Despite these encouraging results, our model suffers from the following limitations, which we hope to address in the future. First, construction of the CSN relied solely on gene expression profile data, and future work to integrate somatic mutation information, epigenetic status [26,27], and pathways could potentially improve the performance of our network models. Furthermore, some other dynamic and direct features, such as time-course gene expression  or protein signaling , might better illustrate a cell line and potentially give a more reliable CSN. Second, construction of the DSN used the 1-D and 2-D structural features of each drug, which might provide too many features for small molecule drugs, and yet ignored the 3-D structure features which may be important for certain drugs. Third, our dual-network model is a local weighted model based on responses of existing cell lines to the query drug or (and) the query cell line to other similar drugs by chemical structure. So it does not work without the above two types of information, such as the response prediction for a new drug to a new cell line, which is more useful in real application cases. With increasing data on cell-line drug responses becoming available over time, and extended network models to address the above limitations, we hope this network-based approach will have much better predictive power and potentially be used in drug combination exploration . Finally, our local weighted model could possibly shrink the range of predicted drug responses and thus lead to a quite large RMSE. For example, if response of a drug d and cell line c is the largest among all training data, the linear combination of response values from their neighborhood will definitely be smaller than the truth. However, in practical clinical settings, one may care more about the relative order rather than the absolute values of drug response data due to the batch effect of different experiments. So most work in drug response prediction used correlation between true and predicted values as a measure of effectiveness [13,17], which might be a better measure than RMSE. In fact, even the published original data from CCLE and CGP have different magnitudes in IC50 for their common drugs (S7 Fig).
Materials and Methods
The cancer genomic and drug response data used in this work are available from the Cancer Cell Line Encyclopedia (CCLE)  and the Cancer Genome Project (CGP) . The CCLE dataset consists of large-scale genomic data, including gene expression profiles, mutation status, and copy number variation for 1,036 human cancer cell lines, and eight-point dose-response curves for 24 chemical compounds across 504 cell lines. Gene expression profiles and drug sensitivity data (measured by area under dose-response curves) were downloaded from the CCLE website (http://www.broadinstitute.org/ccle). Both drug sensitivity measurements and gene expression profile data are available for 491 common cancer cell lines. The CGP dataset provided raw gene expression profiles for 789 cell lines, which we downloaded from AffyExpress under accession number E-MTAB-783. We also obtained drug sensitivity measurements (activity area) and cell line annotation data from the CGP website (http://www.cancerrxgene.org/downloads), which included data for 139 drugs and 707 cancer cell lines. The CGP study provided both drug sensitivity measurements and gene expression profile data for 653 common cancer cell lines.
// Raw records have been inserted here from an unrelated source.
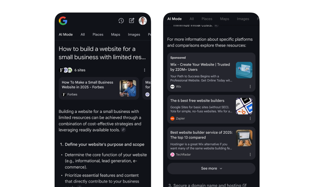 Quảng cáo xuất hiện trong tính năng AI Mode. Ảnh: Google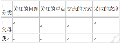 审视表格中填写的内容。反思自己可以从哪些方面改善或增进亲子关系。并与同学交流分享。
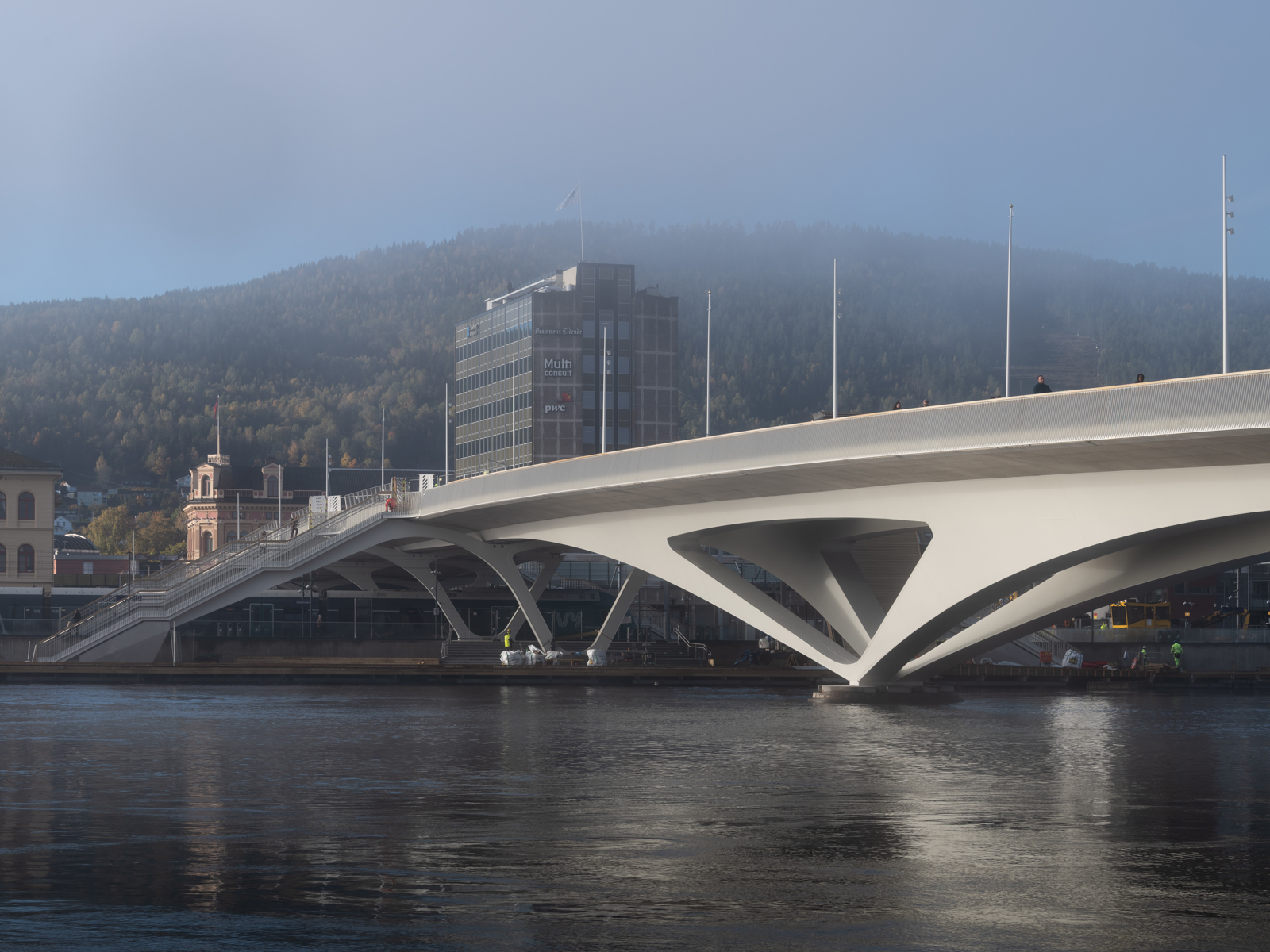 – De er begge lyse bruer over en mørk elv. Vi har jobbet for at bybrua, til tross for sin masse, skal ha en elegant letthet over seg. Sammen blir de til Drammens brufamilie, avslutter Solbjør.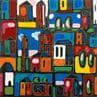 Der Künstler verwendete Acryl auf Pappe, um dieses Kleine Gemälde zum Thema "Urban" anzufertigen.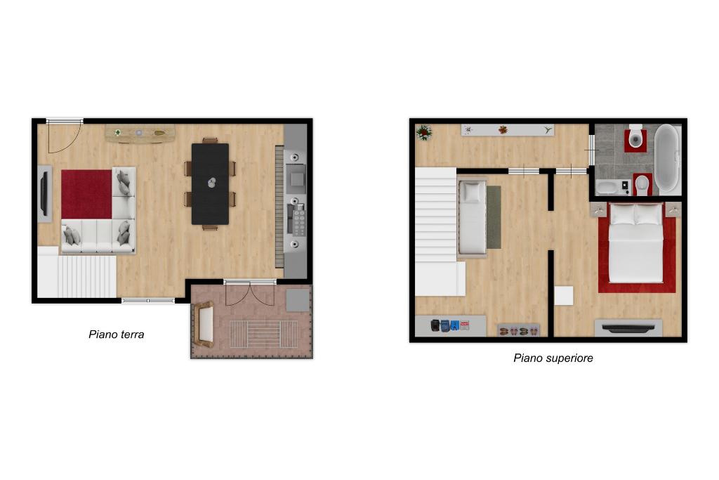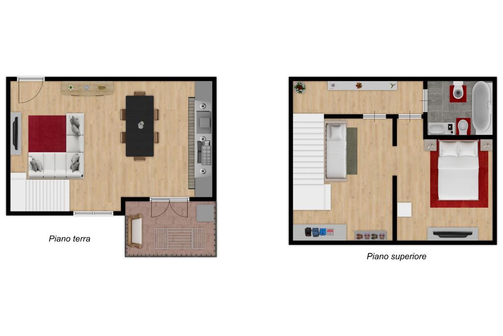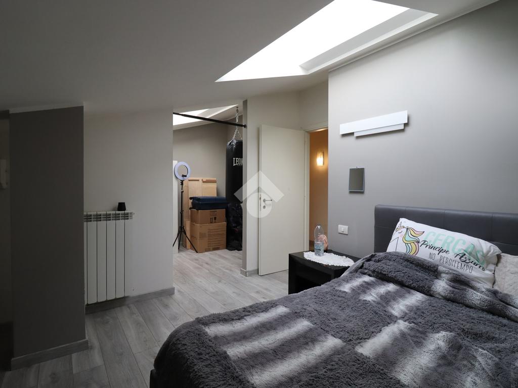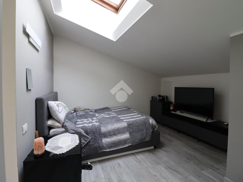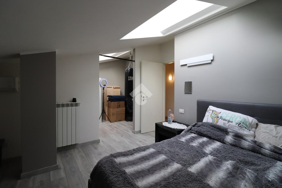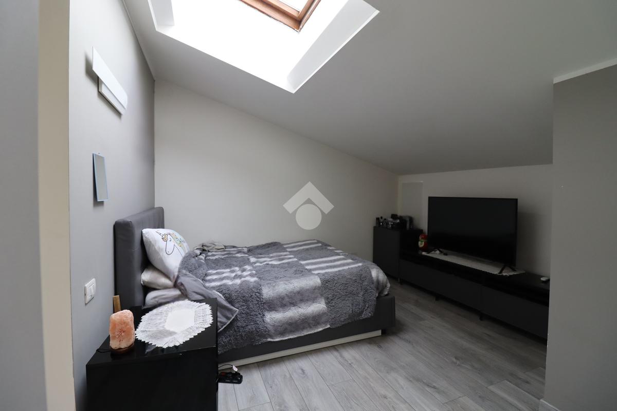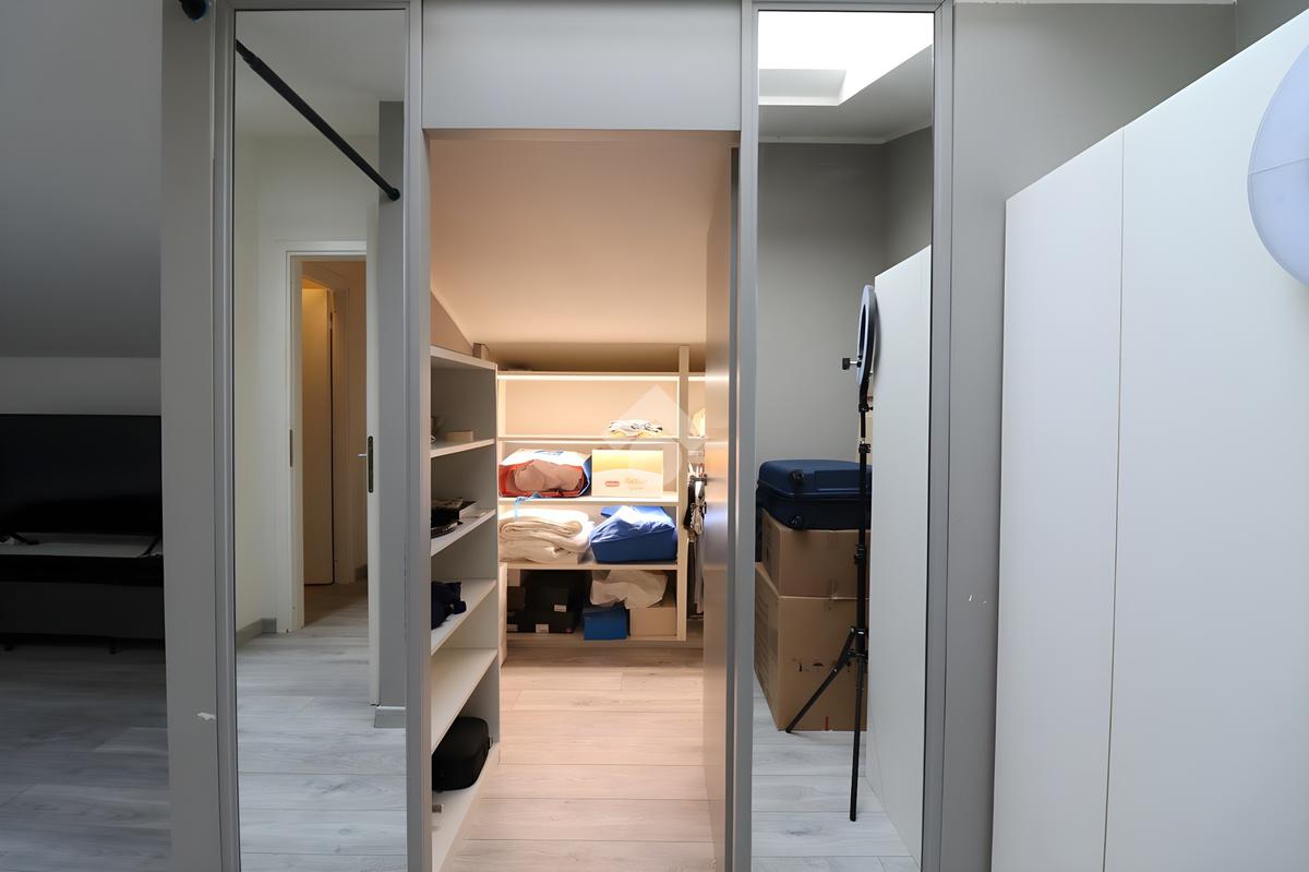 Attraverso le scale interne si accede al piano superiore dedicato alla zona notte. Questo livello è composto da una spaziosa camera matrimoniale, caratterizzata dalla presenza di un lucernario che assicura una splendida illuminazione naturale, e di una seconda camera interamente adibita a cabina armadio, pensata per una gestione ottimale degli spazi. Il piano è completato dal bagno padronale dotato di vasca.

We downloaded the chemical structural information for each drug from PubChem, a database of chemical molecules and their activities in different biological assays. It contains validated chemical depiction information for 19 million unique compounds contributed from over 70 depositing organizations. We downloaded raw chemical property profiles (SDF files) for 23 drugs in the CCLE study and 124 drugs in the CGP study from the PubChem website. The 1-D and 2-D chemical structural features of each drug were retrieved using the PaDEL software program (v2.11, downloaded from the project website http://padel.nus.edu.sg/software/padeldescriptor/) with default settings. In detail, the 1D descriptors consist of compositional or constitutional molecular properties, e.g., atom count, bond count, and molecular weight. The 2D descriptors include different quantitative properties of the topology such as Kappa shape indices , Randic  and Wiener indices  (S1 Table).
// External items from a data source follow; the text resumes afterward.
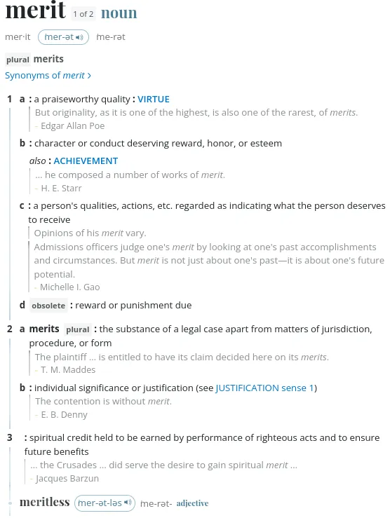 "The idea of merit is in fact never clearly defined; rather, it seems to be a form of recognition, an acknowledgement that “this person is valuable insofar as they are like me.”"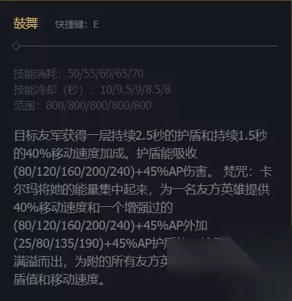 2、E技能是给队友套个盾,以及让队友获得移速加成,有焚咒的情况下,护盾和移速加成都会提升。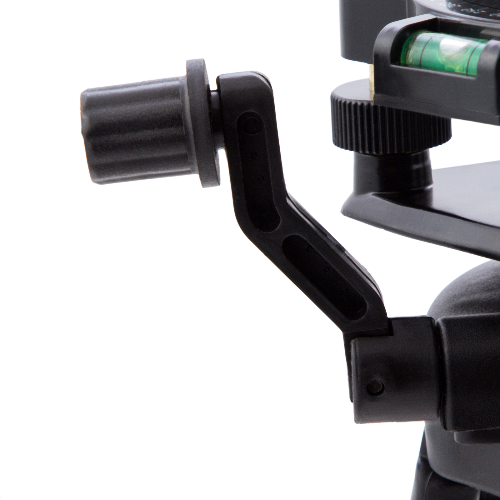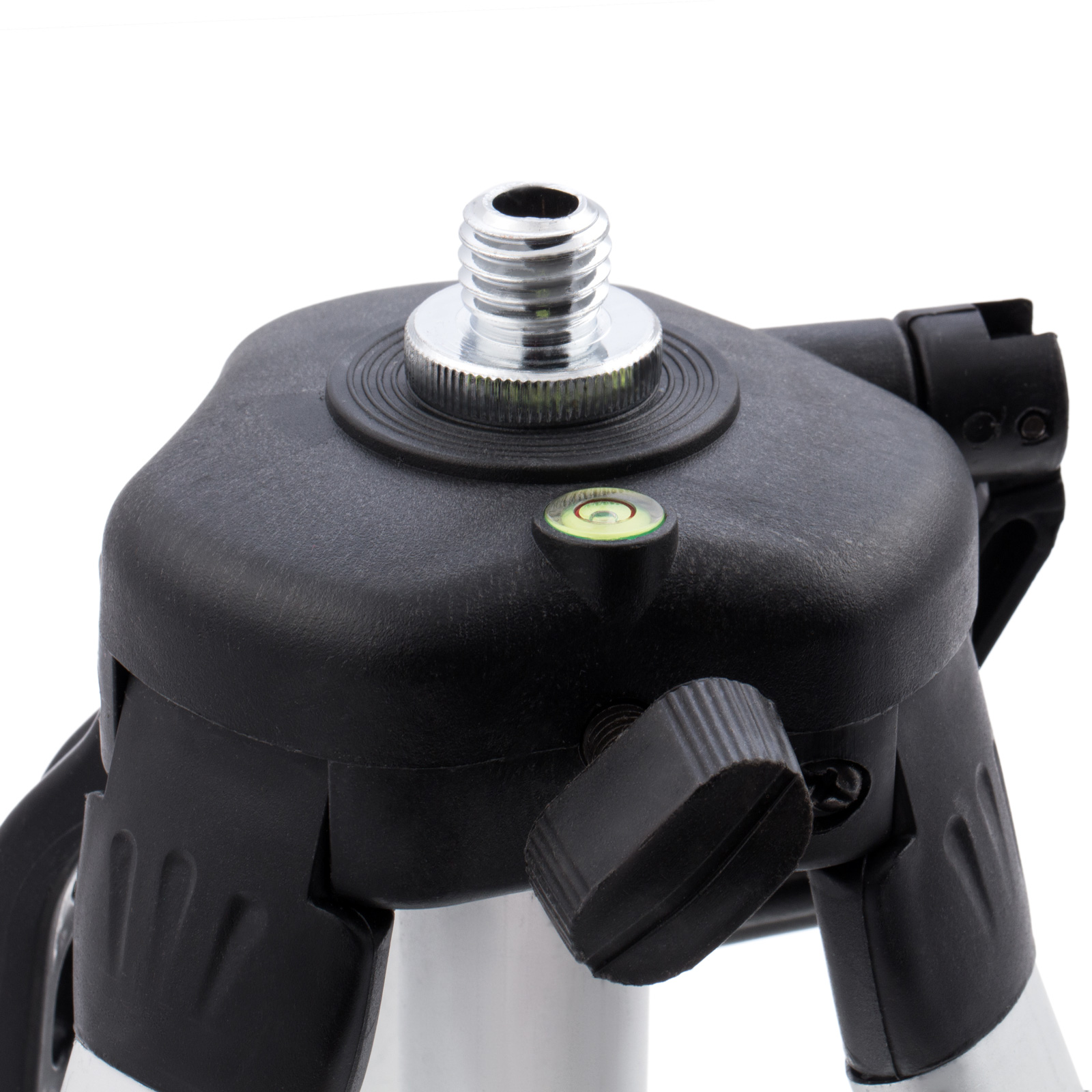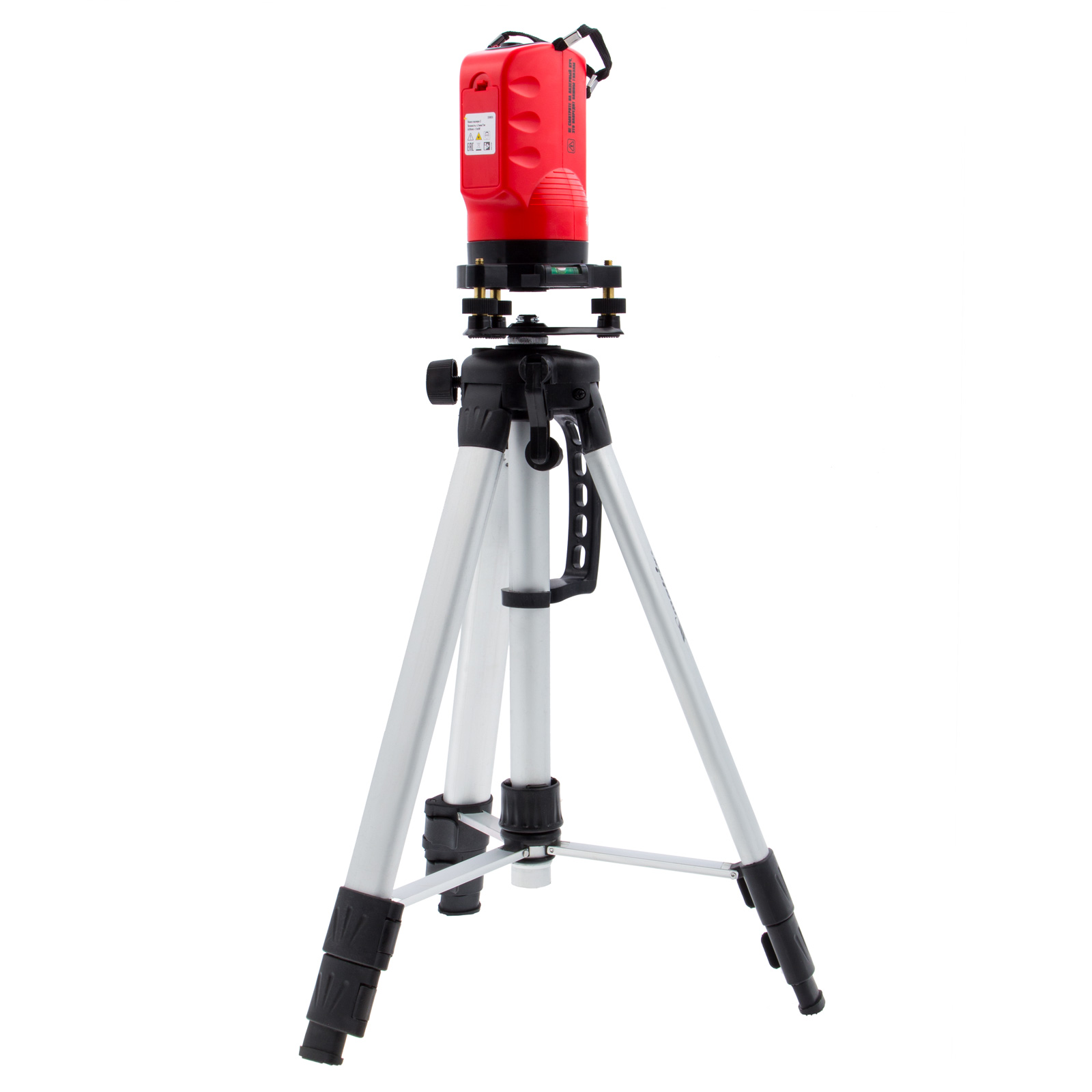 - Удобный штатив — уровень можно зафиксировать на высоте до 110 см, а благодаря поворотной площадке лазерные лучи можно направлять в нужную сторону.

Construction of the drug-cell line integrated network
Our integrated network for predicting drug responses consists of three parts: 1) a cell line similarity network (CSN), which connects all cell lines based on their Pearson correlation coefficients of gene expression profiles; 2) a drug similarity network (DSN), where associations between two drugs are measured by the Pearson correlation between their respective 1-D and 2-D structural properties; and 3) a drug-cell line response network, which connects the above two networks using experimentally determined drug response values (measured as activity area and IC50 in both CCLE and CGP studies). The CSNs generated using CCLE or CGP data are both complete graphs of all cell lines, where interactions between two cell lines are measured by the Pearson correlation coefficients of their respective gene expression profiles. Similarly, the DSNs are also complete graphs of all available drugs, connected with their pairwise correlation between their respective 1-D and 2-D chemical structural features. The intermediate layer between the CSN and the DSN, referred to as the drug-cell line response network, is a bipartite graph of all cell lines and drugs, labeled with the response values (corresponding to activity area and IC50 values). Note that the intermediated drug response network is not a complete bipartite graph due to some missing values in two experiments, particularly in the CGP dataset.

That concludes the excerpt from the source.